Bye Bye Greenie, Bye Bye Dollar, Bye Bye any UK exports.

ho hoh ho -g-

Cautious Bank of England holds rates at 4%

news.ft.com

By Anna Fifield in London
Published: November 7 2002 12:00 | Last Updated: November 7 2002 12:15


The Bank of England on Thursday left its main interest rate unchanged at 4 per cent for the twelfth consecutive month, despite the US Federal Reserve's unexpectedly large rate cut on Wednesday.

Economists had given the Bank's monetary policy committee a 50-50 chance of cutting rates, as it weighed the dilemma of robust growth in the consumer and service sectors while manufacturing continues to flounder.
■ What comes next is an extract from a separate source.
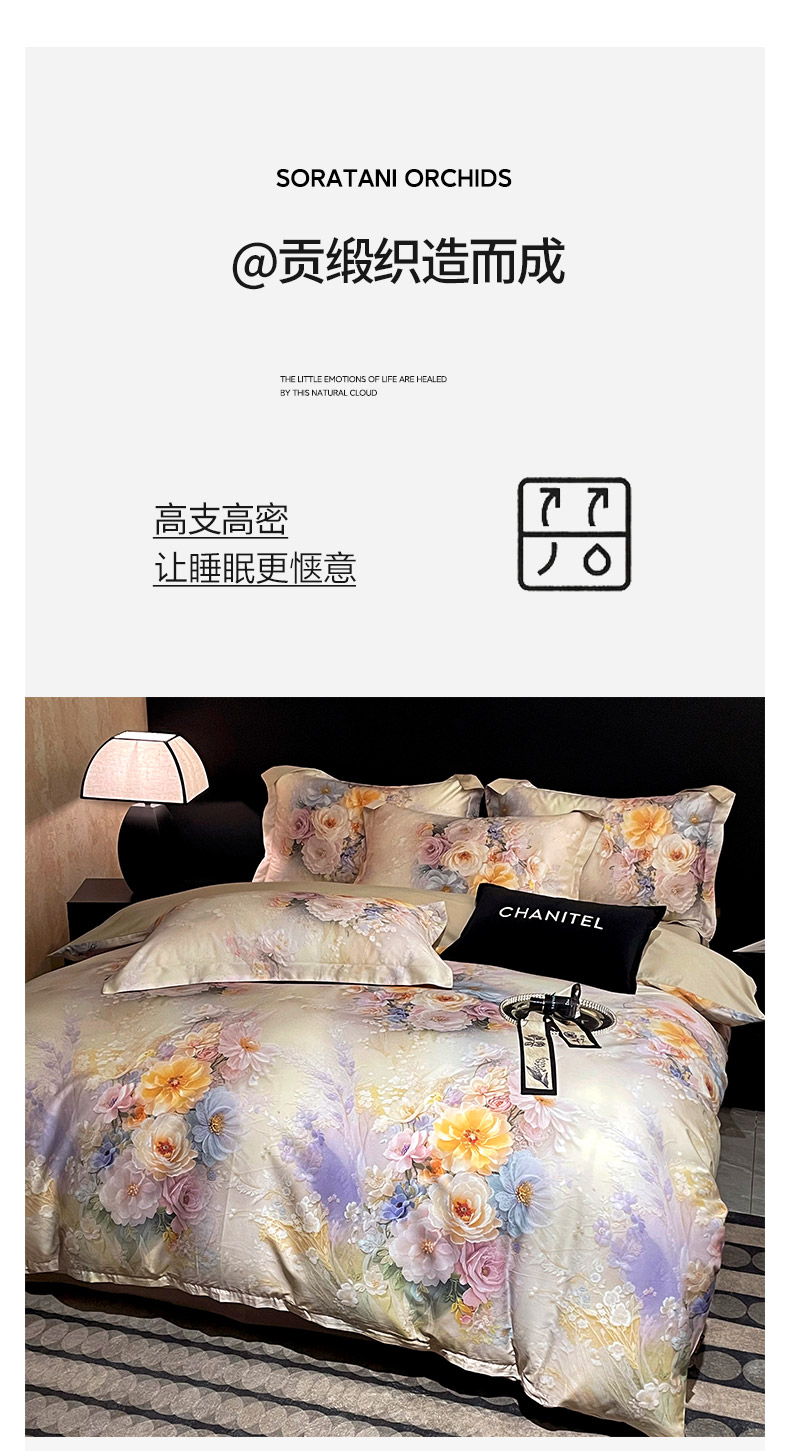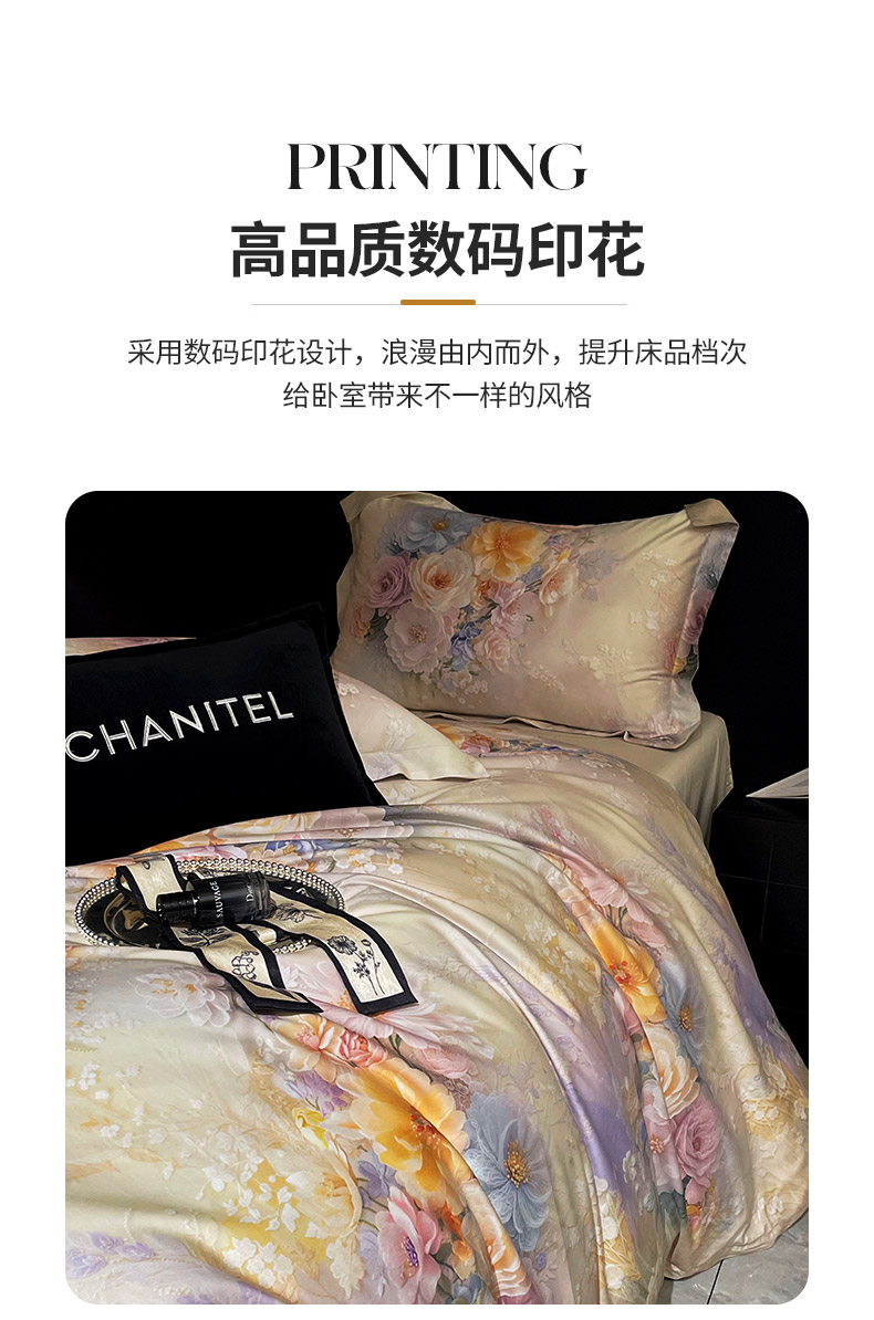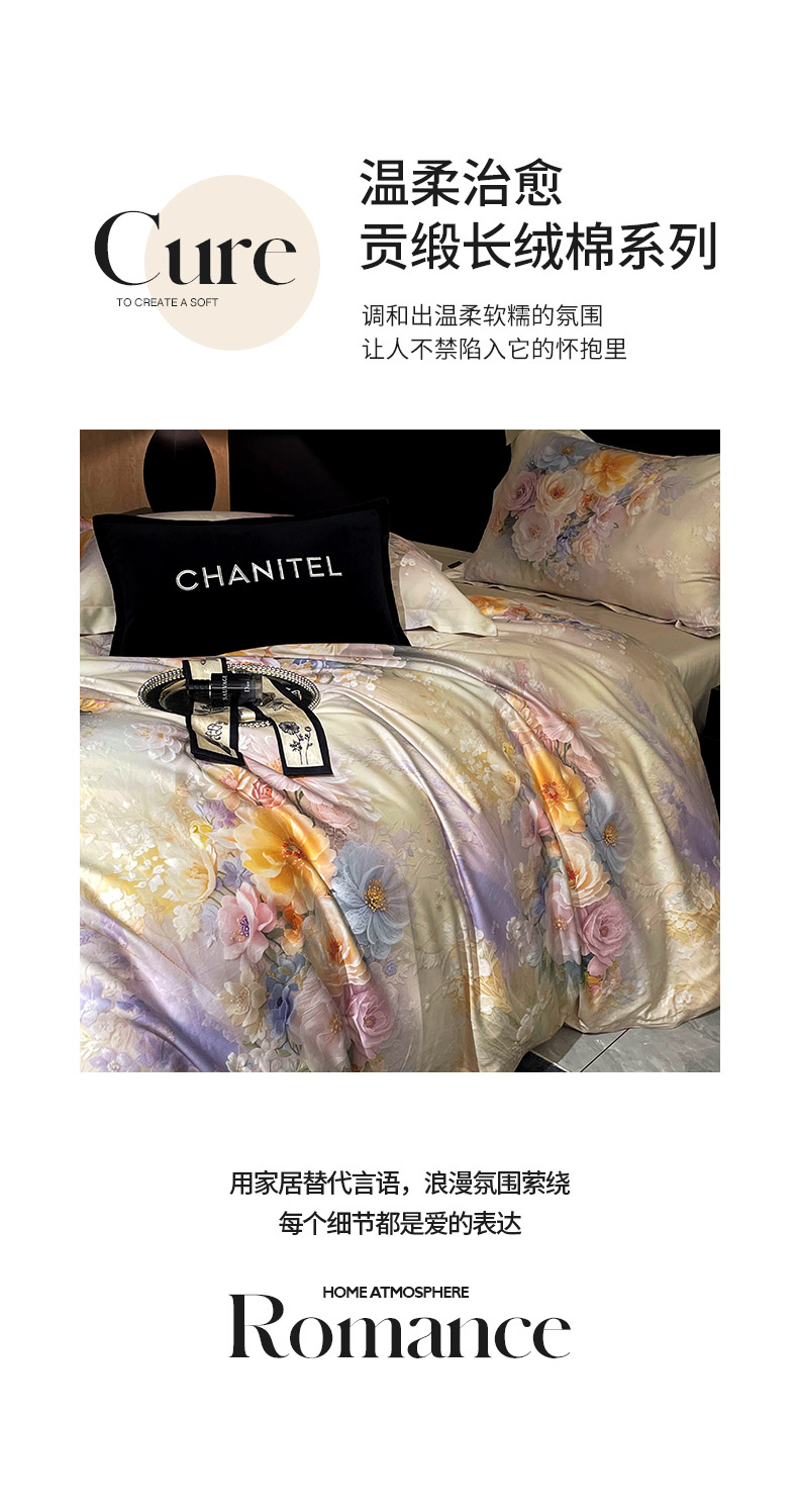 商品名称:大渔生活 2025新款贡缎长绒棉高品数码印花四件套 柔缎花眠

After the minutes of its October meeting showed three of the nine-member committee voted for a quarter of a percentage point cut to 3.75 per cent, analysts said the MPC was moving closer to cutting rates. By leaving rates unchanged, the MPC has delivered the longest period of stable rates since 1966.

ING Barings economists said the recent rebound in equity markets, coupled with robust service sector and consumer data, appeared to have swayed the MPC. The Fed cut might have diminished the need for a cut in the UK but there was little sign of improvement yet and the MPC could be forced into half-point cut in December.

The Bank has been putting the finishing touches on its projections for inflation over the next two years, to be published next week. The decision to hold rates implies that a majority of MPC members believe that inflation will rise to hit the 2.5 per cent target in two years time.

Data published earlier this week showed that manufacturing output fell 0.4 per cent month-on-month in September, prompting the Engineering Employers' Federation to call for a rate cut.

But the Council of Mortgage Lenders, the Confederation of British Industry and the British Retail Consortium all said there was no pressing need for a reduction. The CBI's monthly distributive trades survey showed healthy retail sales growth in October and the Chartered Institute of Purchasing and Supply's report recorded robust activity growth in October.

A rate cut would have risked further fuelling the already overheated property market, where annual house price inflation has hit 24 per cent: its highest level since the boom of the late 1980s.